Police in Peru have fired tear gas and clashed with thousands of protesters angry at the authorities’ decision to pardon ex-President Alberto Fujimori.
“No to the pardon!” chanted crowds in the capital Lima, during a second day of unrest that began on Christmas Eve. President Pedro Pablo Kuczynski pardoned Fujimori on health grounds.
Mr Kuczynski acknowledged the anger at his decision but said he could not “allow Alberto Fujimori to die in prison”. Fujimori, who is serving 25 years for human rights abuses and corruption, was last week moved from jail to hospital. The former president has low blood pressure and an irregular heartbeat.
Mr Kuczynski denies pardoning Fujimori as part of a deal with his party last week to avoid his own impeachment, for allegedly receiving illegal payments from the Brazilian construction giant Odebrecht.
Two members of President Kuczynski’s party in the Peruvian Congress, Vicente Zeballos and Alberto de Belaunde, have resigned in protest at the pardon.
Meanwhile, supporters of the man who led Peru from 1990 to 2000 celebrated outside the city hospital where he was being treated.
He is admired by some Peruvians for combating Maoist rebels – but his critics considered him a corrupt dictator.
On Monday, his son Kenji tweeted a video of himself breaking the news of the pardon to his father in his hospital bed and wishing him a Merry Christmas.
A statement from President Kuczynski’s office said he had decided to grant a “humanitarian pardon to Mr Alberto Fujimori and seven other people in similar condition”, without naming the others.
Doctors, the statement added, had “determined that Mr Fujimori suffers from a progressive, degenerative and incurable illness and that prison conditions represent a grave risk to his life”.
In a following statement, Mr Kuczynski said: “I am convinced that those of us who consider ourselves democrats cannot allow Alberto Fujimori to die in prison. Justice is not vengeance. All pardons are by nature controversial. There is an important number of Peruvians who are opposed [to the pardon].

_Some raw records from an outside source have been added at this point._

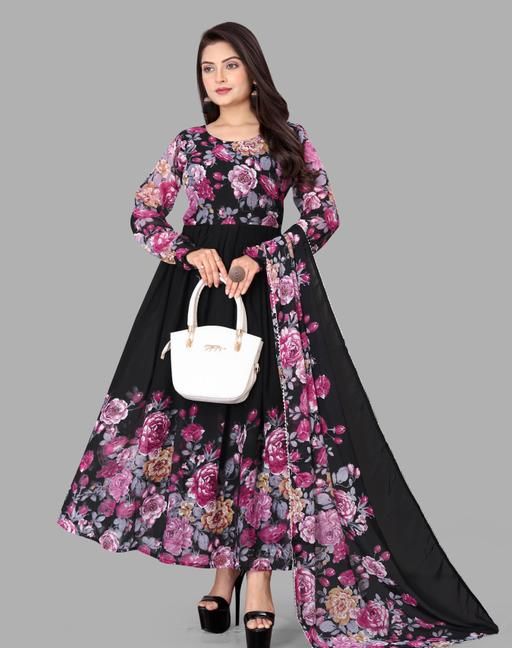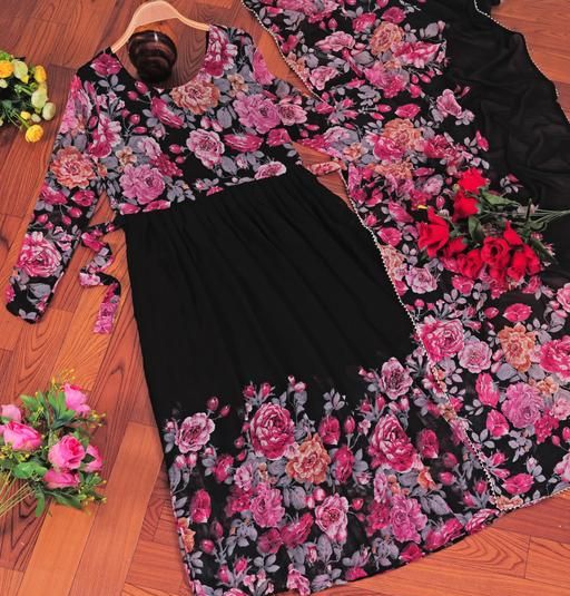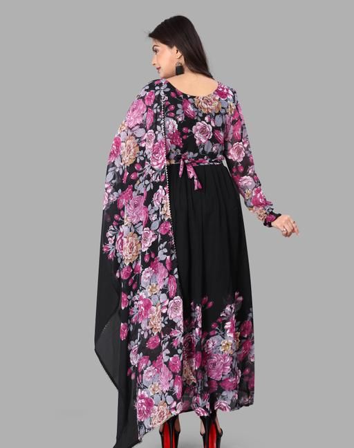 Name: Black Floral colour Georgette Fabric Digitally printed Gown and Duppata Set for woman (NO BOTTOM)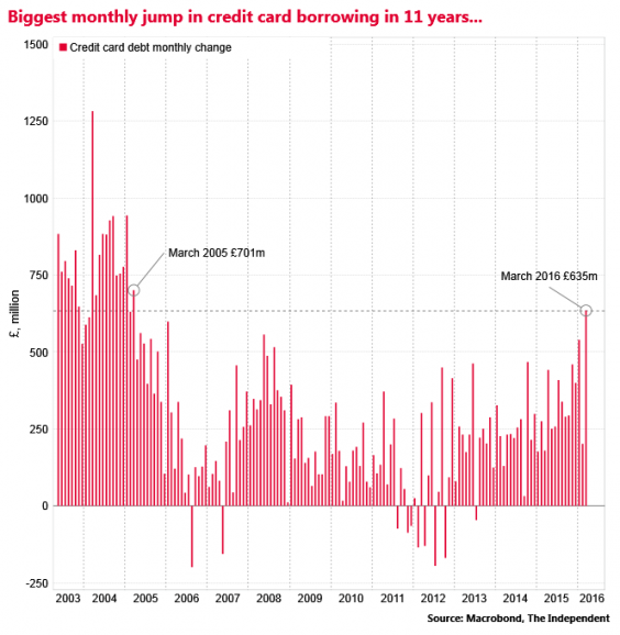 We put £635m on our credit cards in March - more than in any single month since March 2005:
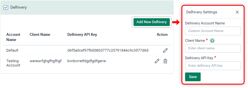 Step 2 : Edit Delhivery API Key and and Client Name (Account name for your referance)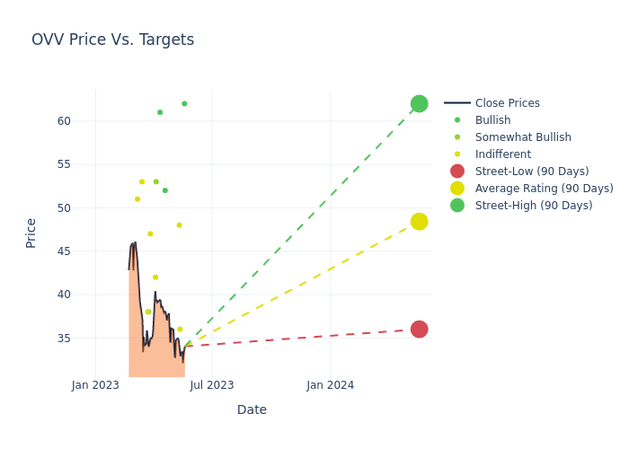 In the last 3 months, 17 analysts have offered 12-month price targets for Ovintiv. The company has an average price target of $50.18 with a high of $64.00 and a low of $36.00.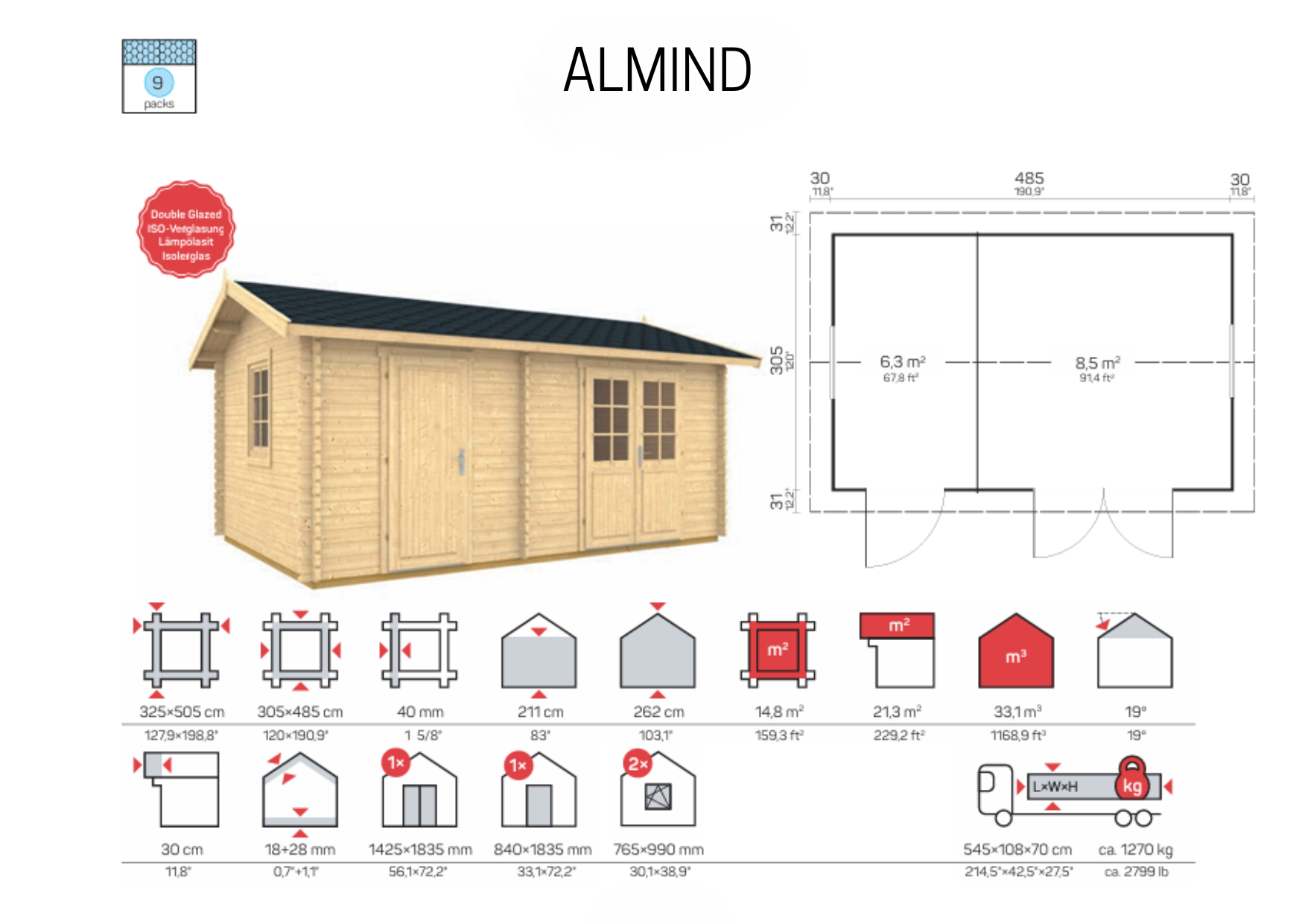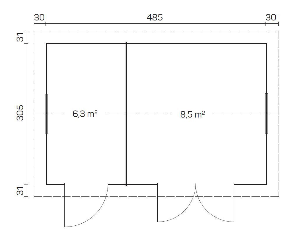 • Væglængde: 305 x 485 cm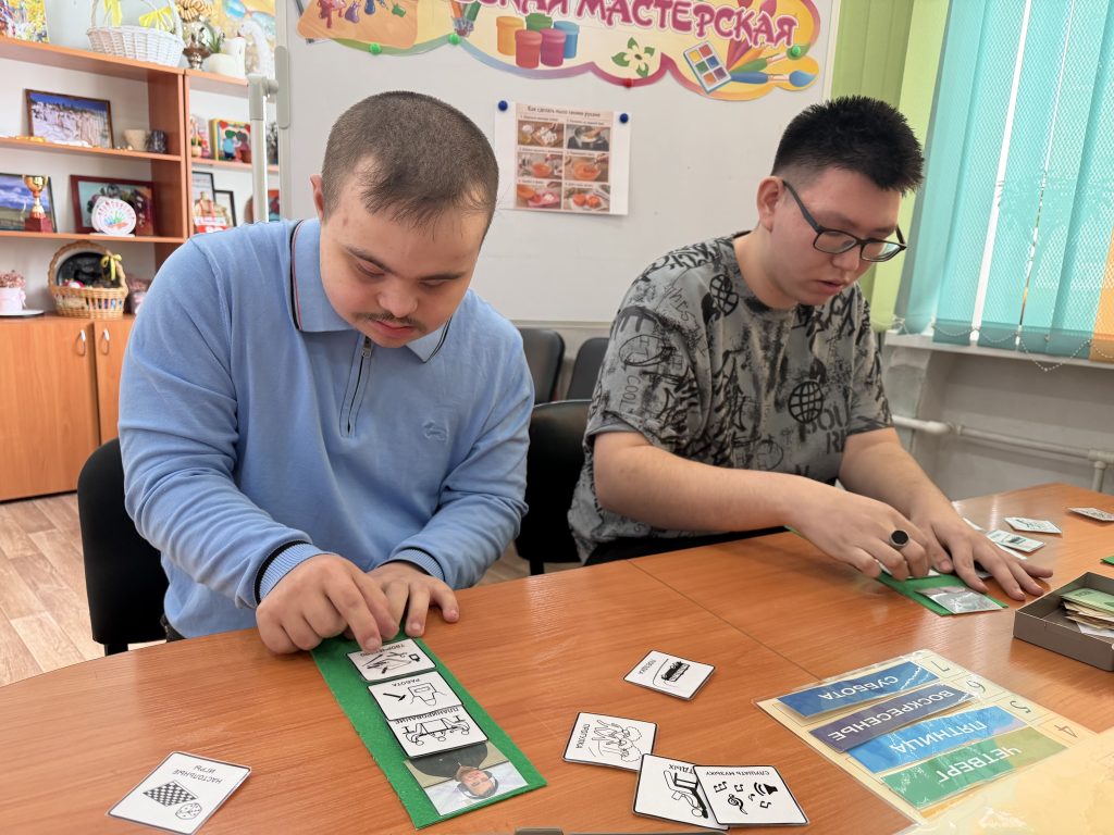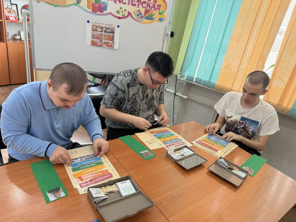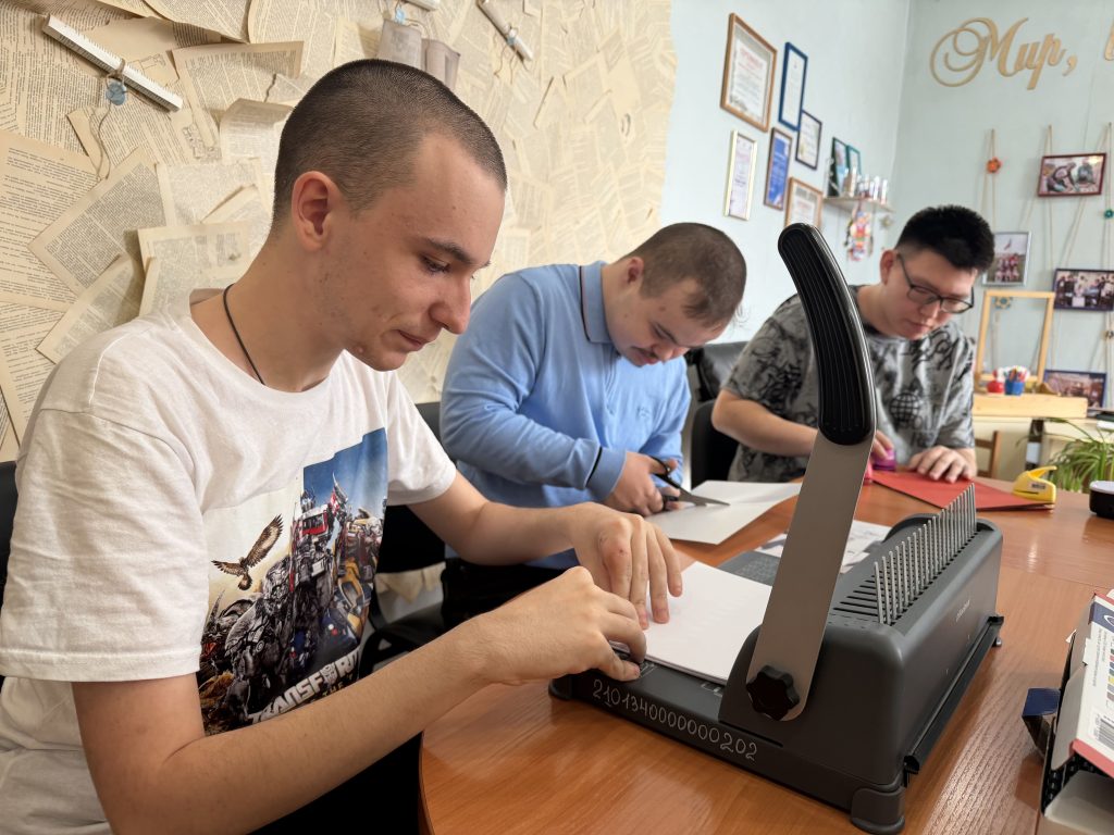В мастерской «Малая полиграфия» участники социальной занятости показали, как важно планировать и делить сложную задачу на простейшие операции, доступные для каждого человека. При изготовлении блокнота специалист задействует ребят, они вместе распределяют обязанности, выполняют посильную работу и достигают общего результата.

“My decision is especially complex and difficult, but it is my decision. I can not only be the president of those that voted for me, I need to be it for all Peruvians.”
The conservative Popular Force (FP) party, led by the former president’s daughter Keiko Fujimori, controls Congress and on Thursday tried to impeach President Kuczynski over a corruption scandal.
However, her brother Kenji split the FP vote, allowing the president to stay in power and prompting the accusation that Fujimori’s release had been promised in exchange.
“To save his own skin he [President Kuczynski] cut a deal with Fujimori’s supporters,” said leftist politician Veronika Mendoza, labelling the president’s decision as treason.
In 2007, he was sentenced to six years in jail for bribery and abuse of power, but two years later was sentenced to another 25 years in prison for human rights abuses committed during his time in office.
He was convicted of authorising killings carried out by death squads.
Protests erupted soon after news of the pardon came to light on Sunday, with many demonstrators waving pictures of victims of the counter-insurgency campaign.
“We believe the pardon was carried out in an illegal manner,” one unnamed protester told Reuters. “The medical report that supposedly sanctioned this was a fraud. The reality is that this sadly was a political agreement between the Fujimorists and the current government.”
Jose Miguel Vivanco, executive director of Human Rights Watch in the Americas, tweeted: “I regret Fujimori’s humanitarian pardon.
“Instead of reaffirming that in a state of law there is no special treatment for anyone, the idea that his liberation was a vulgar political negotiation in exchange for Pedro Pablo Kuczynski maintaining power will remain forever.”